Since 1967 there has been a local history museum in the former administration building of the Kupferhütte, in which, among other things, parts of a steam turbine can be seen, which the inventor P. Salessow, who worked at the Susun plant, constructed in 1806. As in the Novosibirsk State Art Museum, the museum also houses a number of icons from the Susun Icon Workshop. This existed from the end of the 18th to the beginning of the 20th century and established its own style of icon painting, the “Susun School” with painters such as Ivan Krestjanikow (1858–1941).
Economy and Infrastructure
In Susun there are forestry, light and food industries.

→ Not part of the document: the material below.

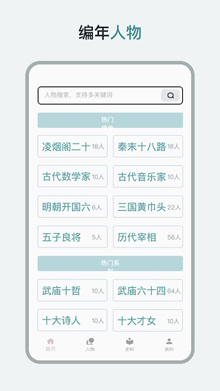2、独创同期人物对比功能,可并行展示多位历史人物的生平轨迹,清晰呈现不同人物在相同历史节点的人生阶段。

In 1962, with the opening of the Central Siberian Railway from Omsk via Karassuk to the Srednesibirskaya station on the Novosibirsk – Barnaul line (route kilometer 668 from Omsk) , Susun received a railway connection. Road link is in the about 80 kilometers away Cherepanovo on the highway M52 (Nowosibirsk- Novoaltaysk at Barnaul- Bijsk - Mongolian limit).
Individual evidence
- ↑ a b Itogi Vserossijskoj perepisi naselenija 2010 goda. Tom 1. Čislennostʹ i razmeščenie naselenija (Results of the All-Russian Census 2010. Volume 1. Number and distribution of the population). Tables 5 , pp. 12-209; 11 , pp. 312–979 (download from the website of the Federal Service for State Statistics of the Russian Federation)
- ↑ Nikolai V. Latkin: Susunski zavod . In: Энциклопедический словарь Брокгауза и Ефрона - Enziklopeditscheski slowar Brokgausa i Jefrona . tape 32 [63]: Судоходные сборы – Таицы. Brockhaus-Efron, Saint Petersburg 1901, p. 26 (Russian, full text [ Wikisource ] PDF ).